Given an array of integers nums, you can perform an operation where you choose any element and decrease it to any strictly smaller value present in the array. The goal is to make all elements in nums equal using the minimum number of such operations.

• Each operation must decrease an element to a value already present in nums.
• You can perform the operation any number of times on any element.
• Return the minimum number of operations required to make all elements equal.
• Constraints: 1 <= nums.length <= 5 * 10^4, 1 <= nums[i] <= 10^5.

Thought Process

At first, it might seem like we need to simulate each operation, choosing which element to reduce at every step. However, this would be inefficient for large arrays. Instead, let's observe that each operation reduces an element to a smaller value already present in the array. Eventually, all elements must become the smallest value in the array.

Rather than performing each operation, we can focus on how many times each unique value (except the minimum) must be reduced to reach the minimum value. By sorting the array, we can track how many unique values there are and how many elements need to be reduced at each step. This leads to a more efficient and systematic approach.

Solution Approach

• Step 1: Sort the Array
  • Sorting groups equal values together and arranges them in ascending order.
• Step 2: Track Operations
  • Initialize two variables: res (the total operations) and prev_ops (the number of unique values seen so far, excluding the minimum).
  • Iterate through the array from the second element onwards.
  • Each time you encounter a new unique value (i.e., nums[i] != nums[i-1]), increment prev_ops.
  • For every element, add prev_ops to res.
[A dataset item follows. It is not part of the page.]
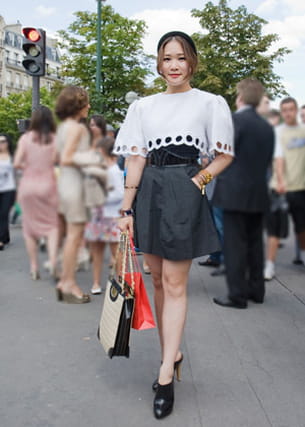 Son look : une robe Miu Miu, un top Rick Owens par-dessus lequel elle a ajouté une cape cousue par sa mère, des bijoux Hermes, un sac Chanel vintage des années 1990 et des chaussures Yves Saint Laurent.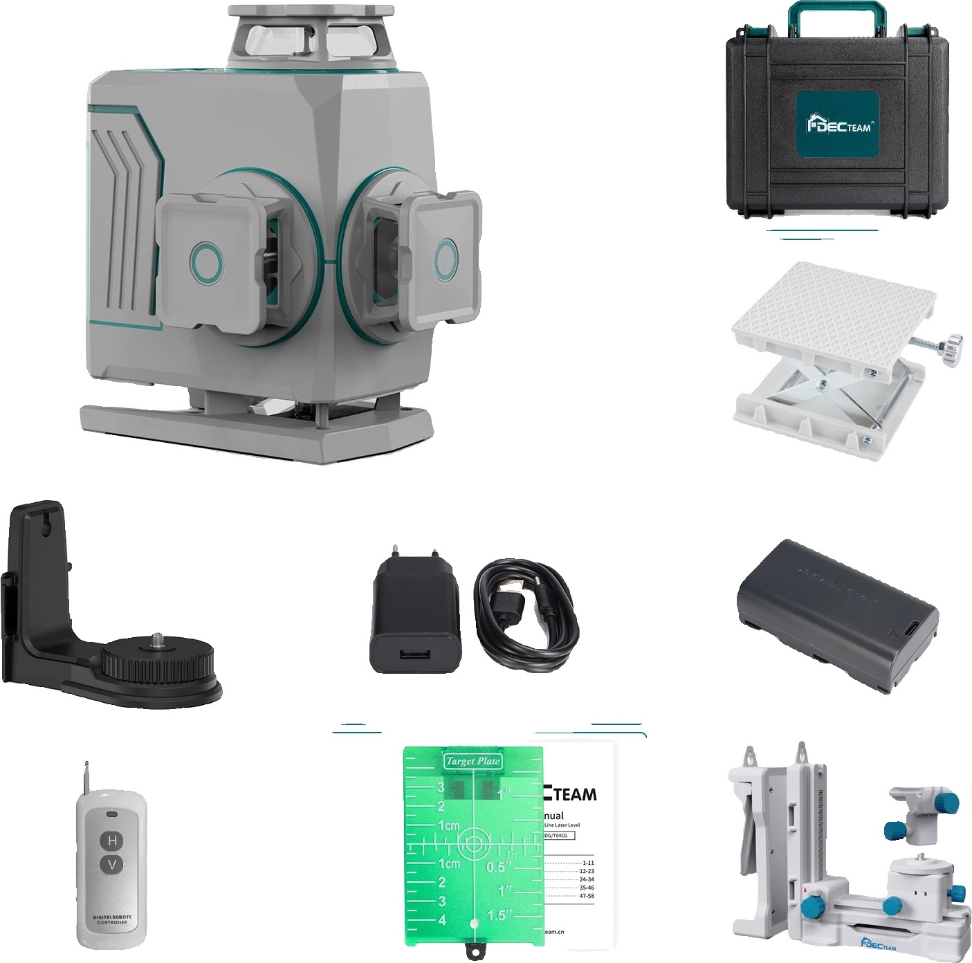 Niveau laser Decteam 4D, 4 x 360° laser vert, précision ±1/9 pouces, avec support

This represents the cumulative number of reductions needed for all elements greater than the minimum.
• Step 3: Return the Result
  • After processing, res will contain the minimum number of operations required.
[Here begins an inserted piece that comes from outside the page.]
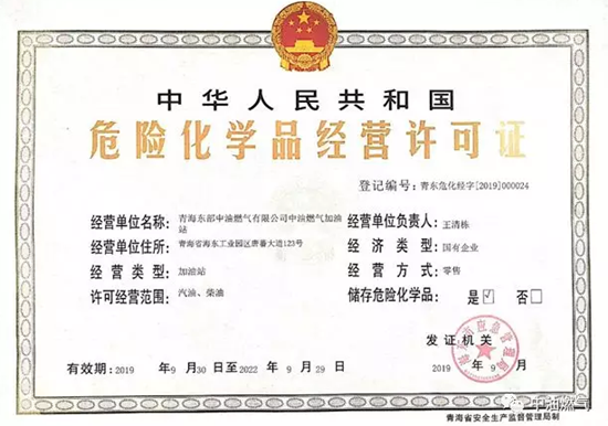 为使各项目达到合规化运营条件,青海东部中油燃气有限公司于年内进一步加大了与海东市政府、河湟新区管委会及平安区政府的工作协调力度,取得了较好的沟通效果,经过近两个月的积极沟通和努力,终于在近期取得了平西加油站《危险化学品经营许可证》。

This method works efficiently because it leverages the sorted order to count reductions by unique levels, rather than simulating each operation individually.

Example Walkthrough

Let's walk through an example with nums = [5, 1, 3, 3, 2].

1. Sort the Array: [1, 2, 3, 3, 5]
2. Initialize: res = 0, prev_ops = 0
3. Iterate:
   • i = 1: nums[1]=2 is not equal to nums[0]=1 → prev_ops = 1, res = 1
   • i = 2: nums[2]=3 is not equal to nums[1]=2 → prev_ops = 2, res = 3
   • i = 3: nums[3]=3 is equal to nums[2]=3 → prev_ops = 2, res = 5
   • i = 4: nums[4]=5 is not equal to nums[3]=3 → prev_ops = 3, res = 8
4. Result: res = 8

This means 8 operations are required to make all elements equal to 1.

Time and Space Complexity

• Brute-force approach:
  • Would involve repeatedly selecting and reducing elements, potentially O(n^2) time, as each operation could require scanning the array.
• Optimized approach (current solution):
  • Sorting the array: O(n log n)
  • Single pass through the array: O(n)
  • Total Time Complexity: O(n log n)
  • Space Complexity: O(1) extra space (or O(n) if sorting in-place is not allowed)

Summary

The key insight is that each unique value above the minimum requires a number of operations proportional to its frequency and its "distance" from the minimum. By sorting and counting unique values, we efficiently calculate the total operations needed without simulating each reduction. This turns a potentially slow brute-force problem into a fast, elegant solution using sorting and simple counting.